Follow these instructions to guide you through BioMart to answer the following query:

  1. What genes are found on chromosome 6, between 8950000 and 8999000 in coffee?
  2. What is the transcript length (UTR + CDS)?
  3. Are there associated functions from the GO (gene ontology) project that might help describe their function?
  4. What are their cDNA sequences?

Step 1: Choose the database and dataset

Click on BioMart in the top header of any Ensembl Plants page to open BioMart

Step 2: Choose appropriate filters

Step 3.1: Select attributes (features)

Step 4.1: Get the results

Why are there multiple rows for one gene ID? For example, look at the first few rows.

Step 3.2: Select attributes (sequences)

Step 4.2: Get the results

Note: you can use the Go button to export a file.

What did you learn about the coffee genes in this exercise?

Could you learn these things from the Ensembl browser? Would it take longer?

Finding genes by protein domain

Find Coffea canephora (coffee) proteins with Signalp cleavage sites located on chromosome 7.

As with all BioMart queries you must select the dataset, set your filters (input) and define your attributes (desired output). For this exercise: Dataset: Ensembl Plant Genes in Coffea canephora Filters: Signalp cleavage sites on chromosome 7 Attributes: Gene stable ID and Transcript stable ID

Go to the Ensembl Plants homepage (https://plants.ensembl.org/index.html) and click on BioMart at the top of the page. Select Ensembl Plant Genes as your database and Coffea canephora genes as the dataset. Click on Filters on the left of the screen and expand REGION. Change the chromosome to 7. Now expand PROTEIN DOMAINS, also under filters, and select Limit to genes, choosing with With Cleavage site (Signalp) from the drop-down and then Only. Clicking on Count should reveal that you have filtered the dataset down to 192 genes.

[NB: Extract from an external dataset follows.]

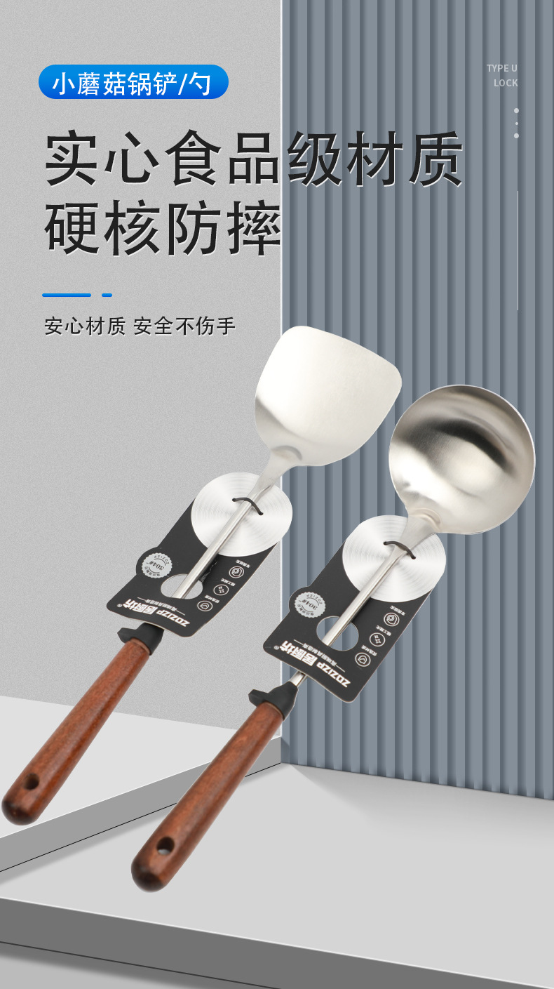 도매 두꺼운 스테인레스 스틸 작은 버섯 주걱 가정용 주방 요리 스푼 경량 주걱 10 위안 매장 공급

Click on Attributes and expand GENE. Ensure Gene stable ID and Transcript stable ID are selected. Now click on Results. The first 10 results are displayed by default; Display all results by selecting ALL from the drop down menu.

The output will display the Ensembl gene IDs and Ensembl Transcript IDs of all proteins with a Signalp cleavage site on coffee chromosome 7. If you prefer, you can also export as an Excel sheet by using the Export all results to XLS option.

Exporting homologues with BioMart

Go to Ensembl Plants’s BioMart. For a list of Arabidopsis thaliana genes, export the coffee orthologues:
MLP28, MEE18, EP1, QRT3, MOT2, GC4, WYR

Do all of these genes have a homologue in coffee?

  1. Go to BioMart (you can find a shortcut in the navigation bar at the top of any Ensembl Plants page) and click New. Choose the Ensembl Plant Genes database. Choose the Arabidopsis thaliana genes (TAIR10) dataset.

  2. Click on Filters in the left panel. Expand the GENE. Enter the gene list in the Input external references ID list box. Select Gene Name from the input options dropdown list.

  3. Click on Attributes in the left panel. Select the Homologues attributes at the top of the page. Expand the GENE section. Select Gene Name. Expand the ORTHOLOGUES [A-E] section. Select Coffea canephora gene stable ID.

  4. Click Results. Select View: All rows as HTML.

    All genes have a homologue in coffee.